**Task data**:
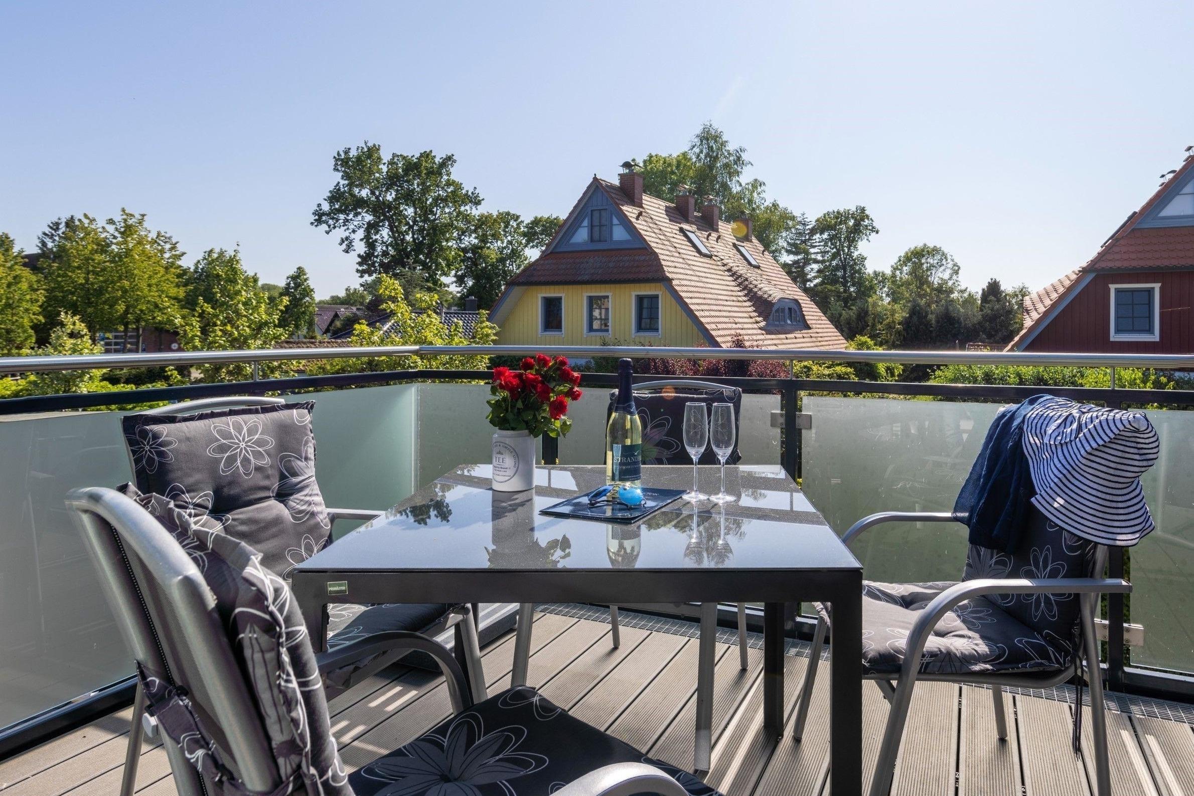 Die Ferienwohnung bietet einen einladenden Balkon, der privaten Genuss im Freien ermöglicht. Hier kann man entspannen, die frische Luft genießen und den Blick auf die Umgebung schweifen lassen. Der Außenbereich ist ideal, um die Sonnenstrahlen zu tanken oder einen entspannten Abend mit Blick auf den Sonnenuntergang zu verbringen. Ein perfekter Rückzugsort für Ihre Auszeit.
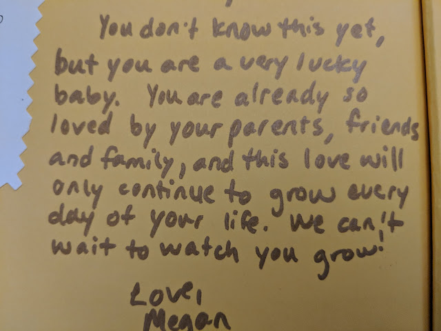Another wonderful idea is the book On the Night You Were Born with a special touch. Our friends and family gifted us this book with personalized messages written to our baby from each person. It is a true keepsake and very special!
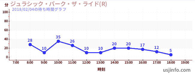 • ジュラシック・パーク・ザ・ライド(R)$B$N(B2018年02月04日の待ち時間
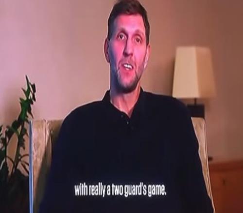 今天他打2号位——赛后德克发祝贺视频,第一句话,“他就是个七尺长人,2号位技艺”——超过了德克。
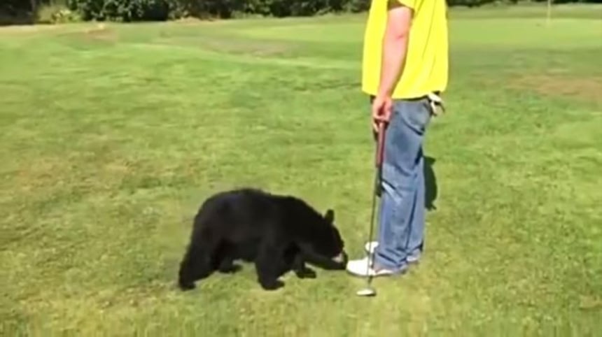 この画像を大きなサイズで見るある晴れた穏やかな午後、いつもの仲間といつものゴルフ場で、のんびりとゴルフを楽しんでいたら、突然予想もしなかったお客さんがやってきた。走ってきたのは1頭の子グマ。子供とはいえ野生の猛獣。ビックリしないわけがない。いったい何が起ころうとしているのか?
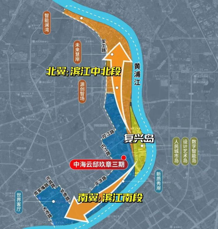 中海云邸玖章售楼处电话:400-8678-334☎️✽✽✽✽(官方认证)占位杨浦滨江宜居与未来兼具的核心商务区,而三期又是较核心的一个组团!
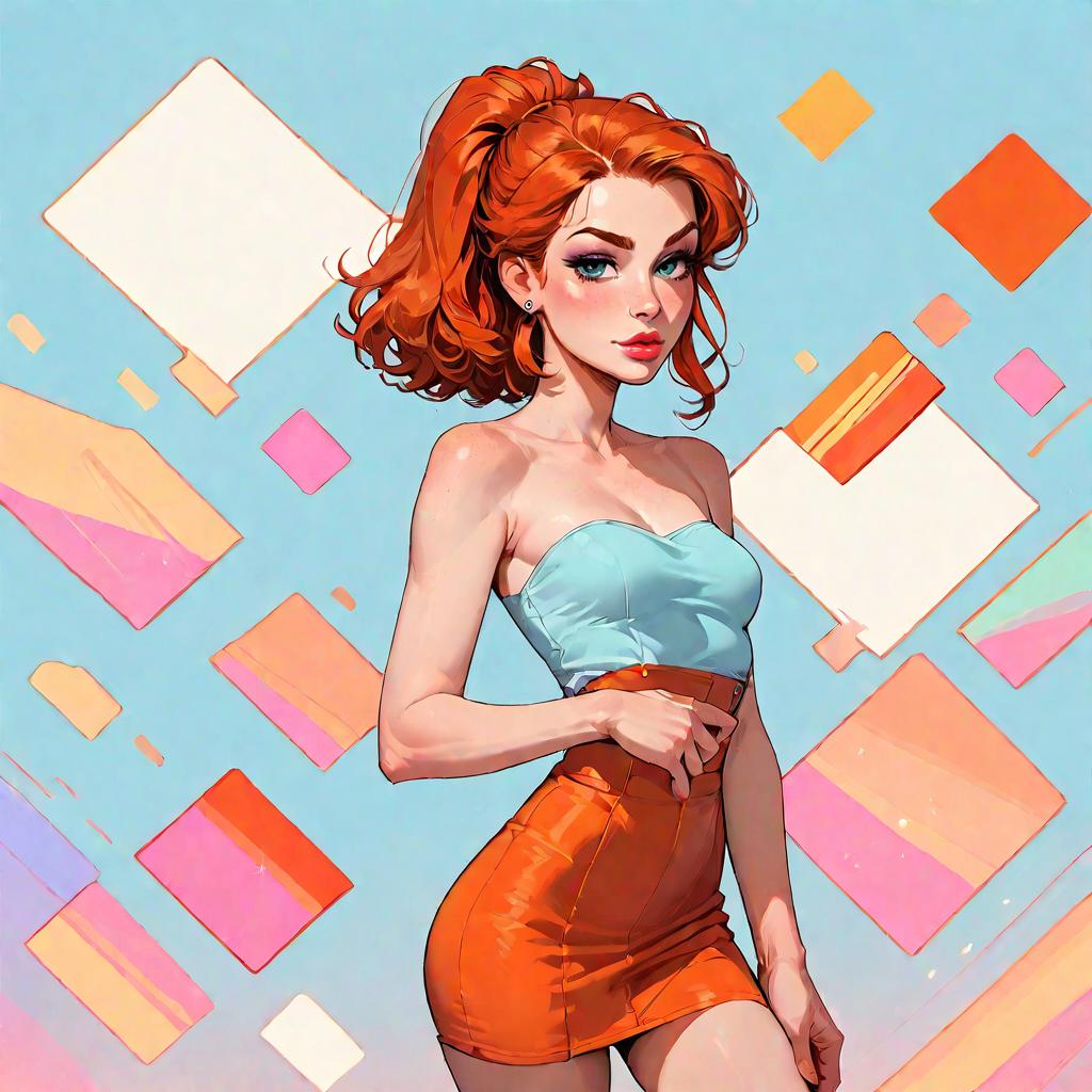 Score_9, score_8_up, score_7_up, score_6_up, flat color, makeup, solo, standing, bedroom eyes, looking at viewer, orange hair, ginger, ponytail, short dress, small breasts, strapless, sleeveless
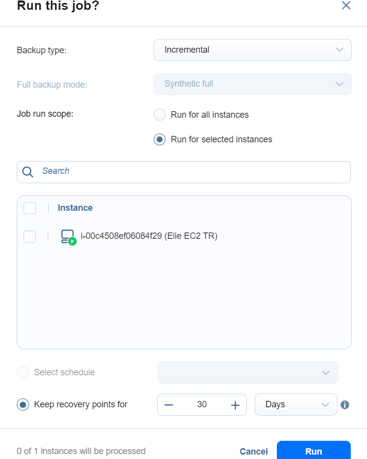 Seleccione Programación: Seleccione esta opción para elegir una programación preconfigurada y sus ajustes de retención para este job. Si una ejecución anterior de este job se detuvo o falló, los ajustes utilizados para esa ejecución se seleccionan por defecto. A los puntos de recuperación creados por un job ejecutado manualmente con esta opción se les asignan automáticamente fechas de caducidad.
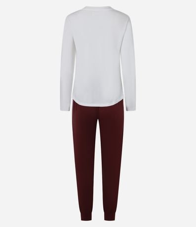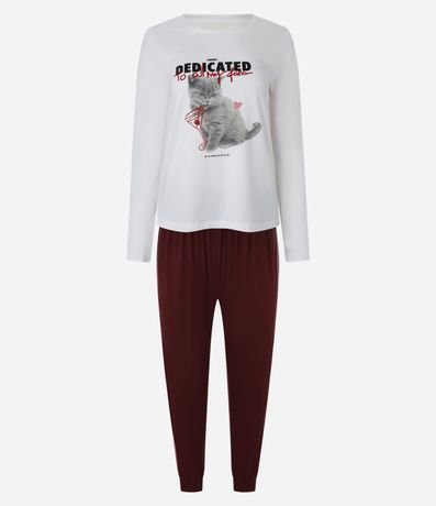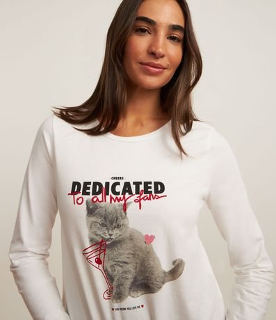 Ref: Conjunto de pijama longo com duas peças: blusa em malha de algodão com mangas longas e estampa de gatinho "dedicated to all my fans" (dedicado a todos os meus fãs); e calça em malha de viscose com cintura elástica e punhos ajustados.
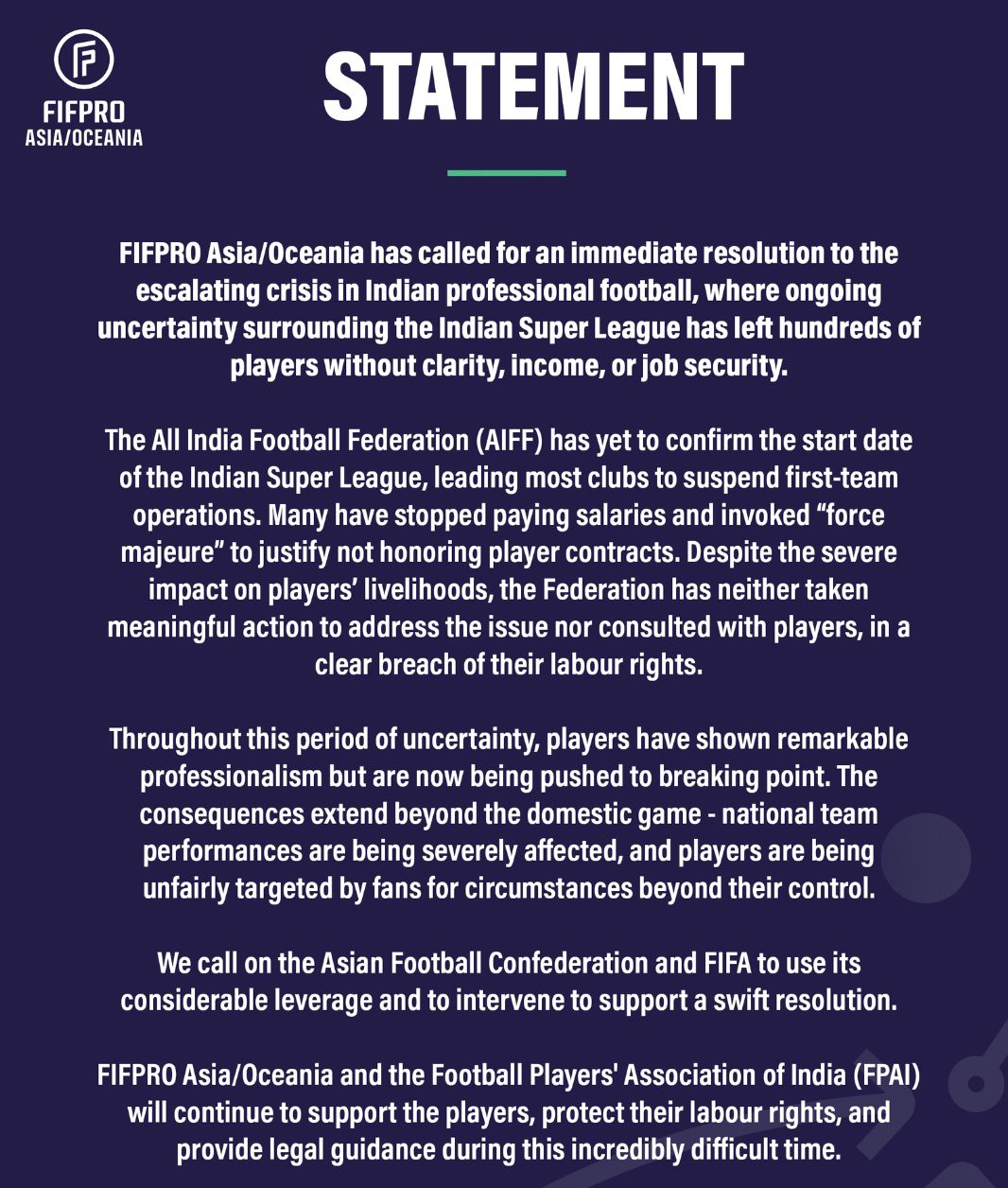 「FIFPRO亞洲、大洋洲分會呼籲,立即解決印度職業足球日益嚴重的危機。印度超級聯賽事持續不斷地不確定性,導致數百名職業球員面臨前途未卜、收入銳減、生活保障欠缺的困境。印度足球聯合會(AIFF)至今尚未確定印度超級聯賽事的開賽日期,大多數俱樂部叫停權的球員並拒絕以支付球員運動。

**Task description**:
Give every line of the listing above again, exactly, with no images.

**Answer space**:
 Die Ferienwohnung bietet einen einladenden Balkon, der privaten Genuss im Freien ermöglicht. Hier kann man entspannen, die frische Luft genießen und den Blick auf die Umgebung schweifen lassen. Der Außenbereich ist ideal, um die Sonnenstrahlen zu tanken oder einen entspannten Abend mit Blick auf den Sonnenuntergang zu verbringen. Ein perfekter Rückzugsort für Ihre Auszeit.
Another wonderful idea is the book On the Night You Were Born with a special touch. Our friends and family gifted us this book with personalized messages written to our baby from each person. It is a true keepsake and very special!
 • ジュラシック・パーク・ザ・ライド(R)$B$N(B2018年02月04日の待ち時間
 今天他打2号位——赛后德克发祝贺视频,第一句话,“他就是个七尺长人,2号位技艺”——超过了德克。
 この画像を大きなサイズで見るある晴れた穏やかな午後、いつもの仲間といつものゴルフ場で、のんびりとゴルフを楽しんでいたら、突然予想もしなかったお客さんがやってきた。走ってきたのは1頭の子グマ。子供とはいえ野生の猛獣。ビックリしないわけがない。いったい何が起ころうとしているのか?
 中海云邸玖章售楼处电话:400-8678-334☎️✽✽✽✽(官方认证)占位杨浦滨江宜居与未来兼具的核心商务区,而三期又是较核心的一个组团!
 Score_9, score_8_up, score_7_up, score_6_up, flat color, makeup, solo, standing, bedroom eyes, looking at viewer, orange hair, ginger, ponytail, short dress, small breasts, strapless, sleeveless
 Seleccione Programación: Seleccione esta opción para elegir una programación preconfigurada y sus ajustes de retención para este job. Si una ejecución anterior de este job se detuvo o falló, los ajustes utilizados para esa ejecución se seleccionan por defecto. A los puntos de recuperación creados por un job ejecutado manualmente con esta opción se les asignan automáticamente fechas de caducidad.
 Ref: Conjunto de pijama longo com duas peças: blusa em malha de algodão com mangas longas e estampa de gatinho "dedicated to all my fans" (dedicado a todos os meus fãs); e calça em malha de viscose com cintura elástica e punhos ajustados.
 「FIFPRO亞洲、大洋洲分會呼籲,立即解決印度職業足球日益嚴重的危機。印度超級聯賽事持續不斷地不確定性,導致數百名職業球員面臨前途未卜、收入銳減、生活保障欠缺的困境。印度足球聯合會(AIFF)至今尚未確定印度超級聯賽事的開賽日期,大多數俱樂部叫停權的球員並拒絕以支付球員運動。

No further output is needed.